What is expected:
For the entries below, the expected answer is the line with "founder cosmetics |", the line with "This pair of", and every line between them, exactly as written, and nothing more.

Data provided:
++++++++++++++++++++

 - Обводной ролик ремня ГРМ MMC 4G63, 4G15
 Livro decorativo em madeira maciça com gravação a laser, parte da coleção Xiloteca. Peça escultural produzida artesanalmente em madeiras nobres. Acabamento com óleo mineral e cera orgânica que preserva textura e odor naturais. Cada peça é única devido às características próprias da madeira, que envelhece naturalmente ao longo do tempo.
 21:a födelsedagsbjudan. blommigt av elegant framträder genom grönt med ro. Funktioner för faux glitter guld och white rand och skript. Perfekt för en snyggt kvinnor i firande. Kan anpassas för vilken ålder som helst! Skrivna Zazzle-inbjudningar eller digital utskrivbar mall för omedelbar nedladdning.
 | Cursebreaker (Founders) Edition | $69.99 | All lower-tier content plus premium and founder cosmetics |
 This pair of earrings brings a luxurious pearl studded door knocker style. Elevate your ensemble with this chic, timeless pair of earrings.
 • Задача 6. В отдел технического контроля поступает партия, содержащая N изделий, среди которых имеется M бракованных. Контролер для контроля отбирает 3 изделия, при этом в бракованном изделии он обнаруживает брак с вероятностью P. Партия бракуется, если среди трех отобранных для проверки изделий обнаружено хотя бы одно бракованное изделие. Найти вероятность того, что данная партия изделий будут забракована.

++++++++++++++++++++

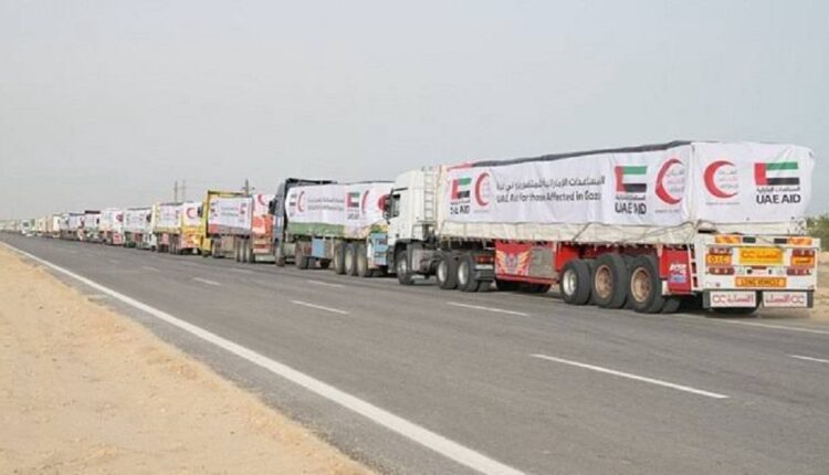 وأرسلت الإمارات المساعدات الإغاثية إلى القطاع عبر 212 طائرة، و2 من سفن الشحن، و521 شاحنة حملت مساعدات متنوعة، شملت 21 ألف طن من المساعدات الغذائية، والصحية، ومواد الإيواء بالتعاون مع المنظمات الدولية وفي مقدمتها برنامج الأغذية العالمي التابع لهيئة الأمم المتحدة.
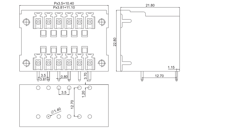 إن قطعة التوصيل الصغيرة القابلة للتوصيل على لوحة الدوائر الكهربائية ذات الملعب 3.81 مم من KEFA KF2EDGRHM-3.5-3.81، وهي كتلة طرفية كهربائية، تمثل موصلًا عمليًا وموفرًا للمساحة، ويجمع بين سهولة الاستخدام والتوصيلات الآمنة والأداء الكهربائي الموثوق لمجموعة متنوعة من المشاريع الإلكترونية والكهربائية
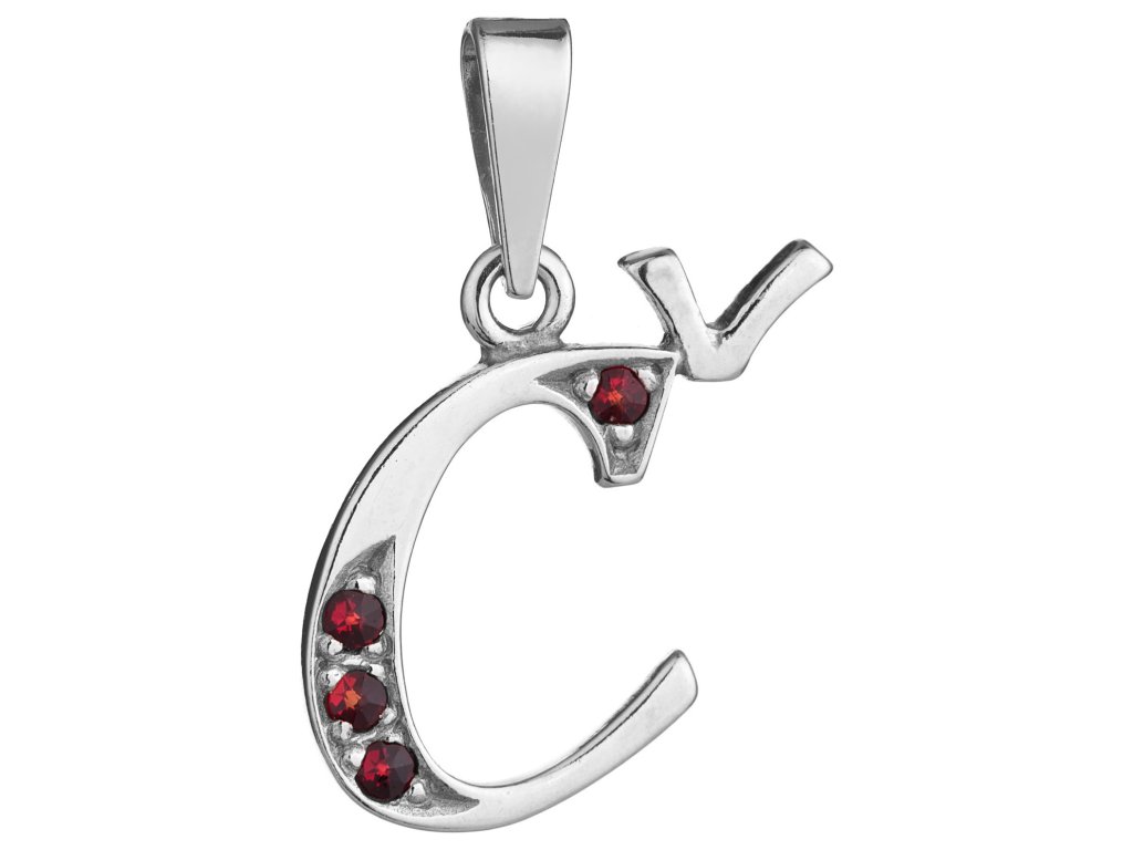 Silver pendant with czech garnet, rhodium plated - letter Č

++++++++++++++++++++

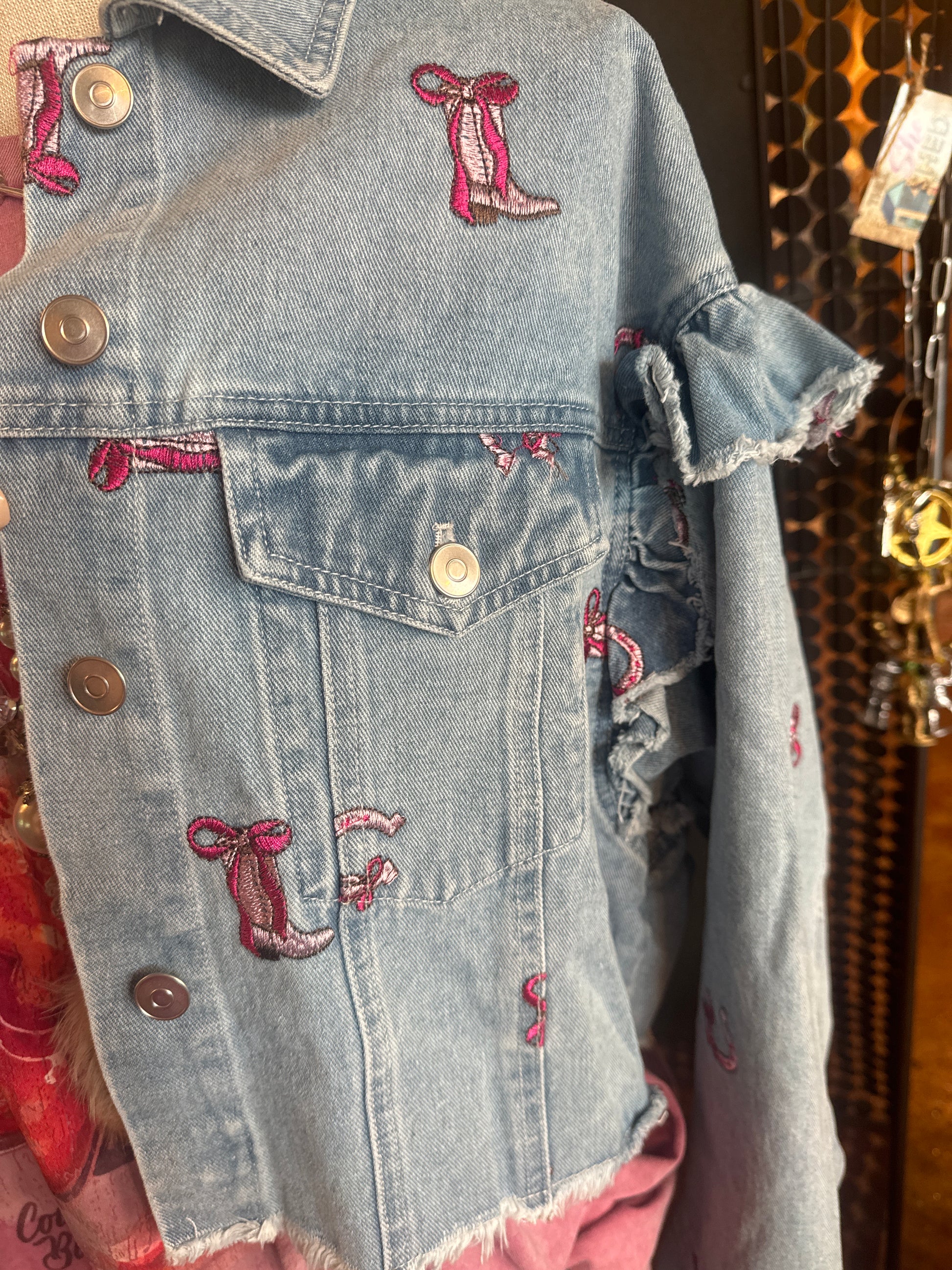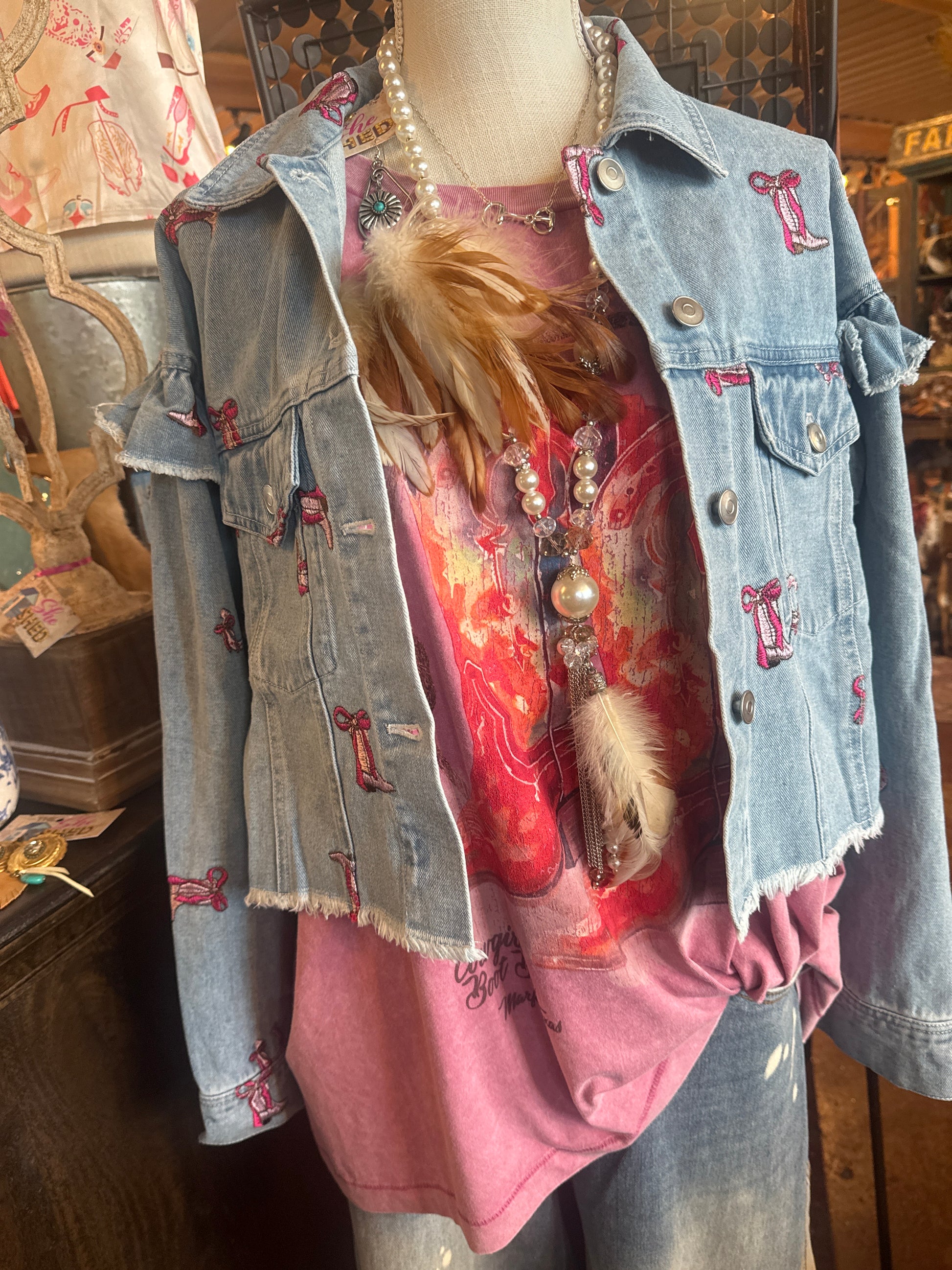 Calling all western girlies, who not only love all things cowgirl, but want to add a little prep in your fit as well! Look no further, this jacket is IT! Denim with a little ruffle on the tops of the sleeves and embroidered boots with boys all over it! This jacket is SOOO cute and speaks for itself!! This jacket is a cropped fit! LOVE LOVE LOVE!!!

++++++++++++++++++++

Answer space:
 | Cursebreaker (Founders) Edition | $69.99 | All lower-tier content plus premium and founder cosmetics |
 This pair of earrings brings a luxurious pearl studded door knocker style. Elevate your ensemble with this chic, timeless pair of earrings.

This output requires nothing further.